Szczęść Boże! Kochani, dzisiaj – w drugim dniu Oktawy Narodzenia Pana – Kościół już ukazuje nam pierwszego Męczennika. To zestawienie wydawać się może zbyt radykalne. A jednak, wczorajsze wydarzenia pokazują, że do takich „zestawień” często dochodzi w rzeczywistości Kościoła… Więcej – w rozważaniu.
A na dzisiaj życzę Wam wszystkim, moi Drodzy, wielkiej Bożej radości świętowania, a dla Waszych Gości, którzy już będą wracali do domów po Świętach – życzę spokojnej i bezpiecznej podróży.
Gaudium et spes! Ks. Jacek
Święto Św. Szczepana, Pierwszego Męczennika,
do czytań z t. VI Lekcjonarza: Dz 6,8–10;7,54–60; Mt 10,17–22
O dzisiejszym naszym Patronie nie wiemy, kiedy i gdzie się urodził. Jego greckie imię – Stephanos, co znaczy: „wieniec” – wskazywałoby, że był on nawróconym hellenistą. Nie są nam jednak znane szczegóły jego wcześniejszego życia. Dla nas jego dzieje rozpoczynają się od czasu wybrania go na diakona Kościoła. Apostołowie na propozycję Świętego Piotra wybrali siedmiu diakonów dla posługi ubogim, aby w ten sposób odciążyć uczniów Chrystusa oraz dać im więcej czasu do głoszenia Ewangelii.
Ale Święty Szczepan nie ograniczył się wyłącznie do posługi ubogim. Według Dziejów Apostolskich, pełen łaski i mocy Ducha Świętego, głosił Ewangelię z mądrością, której nikt nie mógł się przeciwstawić. I z tego to powodu został oskarżony przez Sanhedryn, że występuje przeciw Prawu i Świątyni. W mowie obronnej Szczepan ukazał dzieje Izraela z perspektywy chrześcijańskiej, konkludując, że naród ten stale lekceważył wolę Boga. Na zakończenie swej mowy, nasz Święty publicznie wyznał Chrystusa, za co został ukamienowany. Jest określany mianem: „Protomartyr” – Pierwszy Męczennik.

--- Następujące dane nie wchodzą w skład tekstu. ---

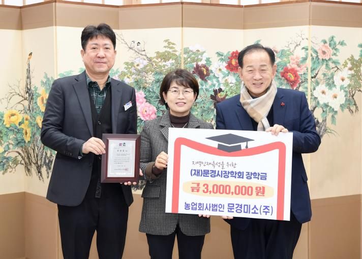디지타임즈(DGTIMEZ) 김대경 기자 | (재)문경시장학회는 17일 문경미소㈜가 지역인재 육성을 위해 300만원의 장학금을 문경시장학회에 기탁했다고 밝혔다.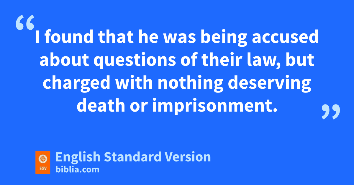 26 “Claudius Lysias, to chis Excellency the governor Felix, dgreetings. 27 eThis man was seized by the Jews and fwas about to be killed by them fwhen I came upon them with the soldiers and rescued him, ghaving learned that he was a Roman citizen. 28 And hdesiring to know the charge for which they were accusing him, I brought him down to their council. 29 I found that he was being accused iabout questions of their law, but jcharged with nothing deserving death or imprisonment. 30 kAnd when it was disclosed to me lthat there would be a plot against the man, I sent him to you at once, mordering his accusers also to state before you what they have against him.”
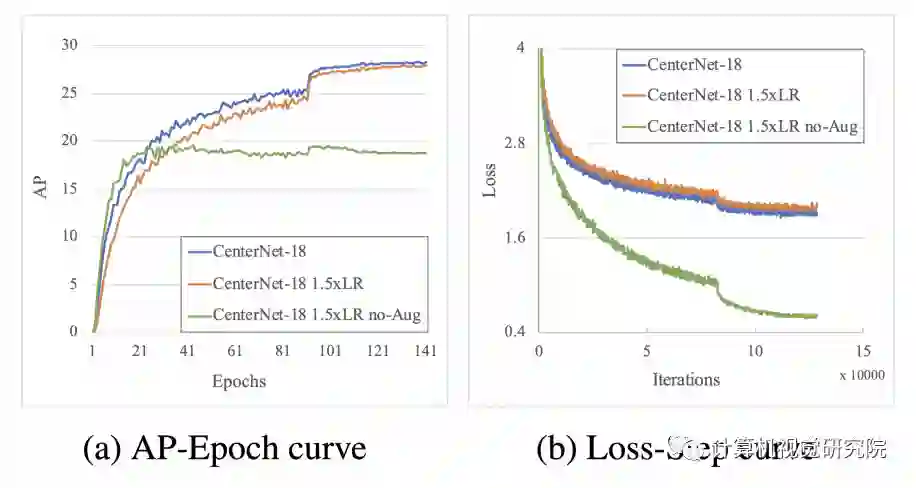 较大的学习速率不能帮助CenterNet更快地收敛,并且删除数据增强会导致性能变差。根据上面的结论,我认为这是因为CenterNet在训练过程中只在目标中心编码一个单一的回归样本。这种设计使得CenterNet在很大程度上依赖于数据增强和较长的训练时间,导致不友好的训练时间。

Oskarżycielami Świętego Szczepana przed Sanhedrynem byli prozelici żydowscy, czyli nawróceni na judaizm poganie, których zwano Grekami. Wynika stąd, że Szczepan zaczął od nawracania swoich ziomków, do których przemawiał ich greckim językiem. Zadziwia on przy tym znajomością dziejów Narodu Wybranego i wskazuje, że powołaniem tegoż Narody było przygotowanie świata na przyjście Zbawiciela. Żydzi jednak nie tylko sprzeniewierzyli się swemu wielkiemu posłannictwu, ale nawet zamordowali Chrystusa. Stąd oburzenie, jakie wyrywa się z ust Świętego Szczepana. Był to rok 36, a więc od śmierci Chrystusa Pana upłynęło zaledwie trzy lata.
Z opisu męczeństwa Szczepana wiemy, że przy jego śmierci był obecny Szaweł, późniejszy Apostoł Narodów. Nie był jeszcze wówczas pełnoletni, dlatego nie mógł brać bezpośredniego udziału w egzekucji Szczepana, a tylko pilnował szat oprawców. Bibliści wszakże zastanawiają się, jak mogło dojść do jawnego samosądu oraz morderstwa, skoro każdy wyrok śmierci był uzależniony od podpisu rzymskiego namiestnika, jak to widzimy przy śmierci Pana Jezusa. Jednak właśnie wtedy, w 36 roku, Poncjusz Piłat został odwołany ze swojego stanowiska, a nowy namiestnik jeszcze nie przybył. Zapewne ten moment wykorzystali Żydzi, by dokonać samosądu na Świętym Szczepanie. Co więcej, rozpoczęli na szeroką skalę akcję niszczenia chrześcijaństwa. Wśród głównych prześladowców znalazł się Szaweł, późniejszy Apostoł Narodów – Święty Paweł.
Kult Męczennika rozwinął się natychmiast po śmierci. Jednakże na skutek zawieruch, jakie nawiedzały Ziemię Świętą, także Jerozolimę, zapomniano o jego grobie. Odkryto go dopiero w 415 roku. Jeśli go rozpoznano, to znaczy, że musiał to być grób jakoś wyróżniający się i opatrzony odpowiednim napisem. Na miejscu odnalezienia zwłok Szczepana biskup Jerozolimy, Jan, wystawił murowaną bazylikę, drugą zaś na miejscu, gdzie – według podania – Święty miał być ukamienowany.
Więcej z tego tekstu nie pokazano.